Уже на лестничной площадке Женя ее окликнула:
— Если я еще что-нибудь вспомню или узнаю, сразу вам позвоню.
Светлана устало кивнула. Похоже, профессорская дочка отпадала, но радоваться по этому поводу не приходилось. У Вероники Караяновой была хоть какая-то, но причина. А теперь снова опустились сплошные потемки. Кто же еще и по какой причине мог быть заинтересован в Катином исчезновении? Светлана понимала, что в том случае, если причина будет вычислена, найдется и Катя. А если нет, то полагаться придется только на опыт и везение Валерия Ремезова.
Глава 12
Сколько стоит самоуважение
После того как Илону увезла «скорая», Костецкий и Румянцев остались одни в квартире. Жена Костецкого, спешно собравшись, уехала с дочерью. Сам Костецкий выглядел подавленным, у него началось что-то вроде нервного тика.

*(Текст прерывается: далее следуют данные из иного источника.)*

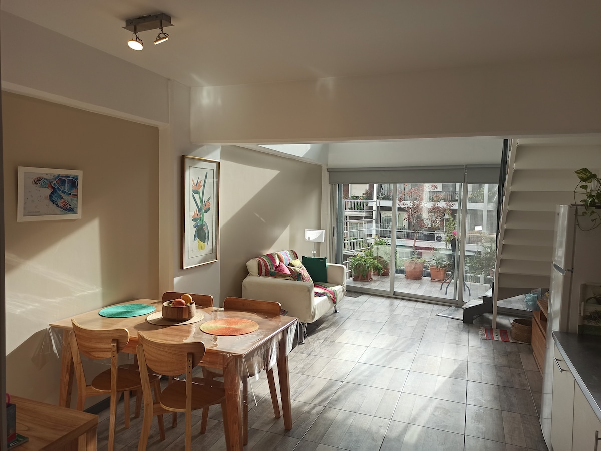 Unique Stunning loft to enjoy trendy neighborhood of Palermo and feel at home. It is a very bright apartment, fully equipped and in a modern building with Premium amenities. Common Areas such as stunning terrace pool with an incredible view of Buenos Aires, outdoor seasonal pool on the ground floor with a beautiful garden, plus equipped gym and 24 hour security. Central Location in the heart of Palermo Hollywood walkable to a unique offer of incredible restaurants, bars and cafes.
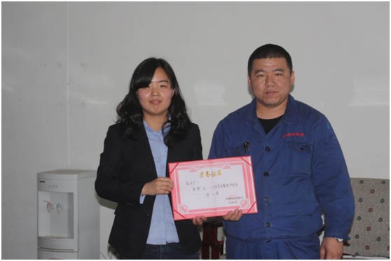 2013年“迎五一”體育比賽圓滿落下帷幕。此次比賽得到了各單位的大力支持,各參賽選手以自己精彩的表現(xiàn),體現(xiàn)了普陽人“團(tuán)結(jié)、拼搏、向上”的精神風(fēng)貌,得到了公司領(lǐng)導(dǎo)及廣大工友的一致贊譽(yù)。5月7日下午,辦公室主任石現(xiàn)英代表公司為優(yōu)勝的單位和個人頒發(fā)了獎金和證書。圖為石現(xiàn)英與焦化廠領(lǐng)獎代表的合影。
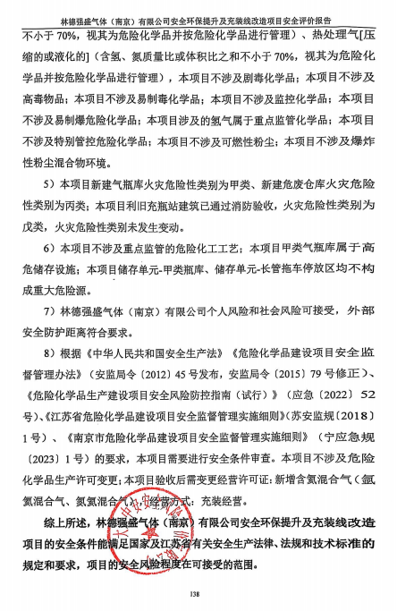 林德强盛气体(南京)有限公司安全环保提升及充装线改造项目的安全条件能满足国家及江苏省有关安全生产法律、法规和技术标准的规定和要求,项目的安全风险程度在可接受的范围。 |
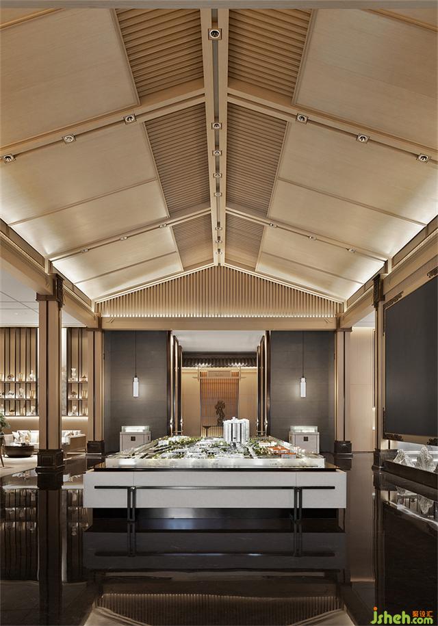 沙盤區(qū)上方采用中國傳統(tǒng)的坡屋頂元素,用現(xiàn)代手法進(jìn)行重構(gòu),營銷中心設(shè)計(jì)展現(xiàn)了傳統(tǒng)與現(xiàn)代設(shè)計(jì)的共鳴,創(chuàng)造出一種包含著能量的“場域”。

— Я даже не догадывался, что она наркоманка, — пожаловался он.
Румянцев молча пожал плечами. Да что, собственно, скажешь в подобной ситуации?
Костецкий поставил на стол бутылку «Наполеона», пару хрустальных рюмок и широким жестом пригласил Румянцева:
— Думаю, нам нужно обстоятельно поговорить.
Румянцев кивнул в знак согласия, а Костецкий наполнил коньяком обе рюмки, руки его при этом заметно дрожали. Они выпили, не произнеся ни слова.
Костецкий какое-то время сидел, прижав пустую рюмку к щеке, потом первым нарушил молчание:
— И что же теперь будет?
Румянцев на этот раз счел нужным откликнуться:
— Ее нужно лечить, конечно, но, как я понимаю, сейчас это не главная проблема. Самое неприятное — это пистолет, а она не помнит, как он оказался в ее сумке.
— Да его наверняка ей подбросили! — тоскливо воскликнул Костецкий, умоляюще глядя на Румянцева, который теперь оказался его единственной и последней надеждой.
— Скорее всего, — согласился тот, — и я буду очень сильно удивлен, если на пистолете не обнаружат ее отпечатков пальцев… Это как минимум, а как максимум…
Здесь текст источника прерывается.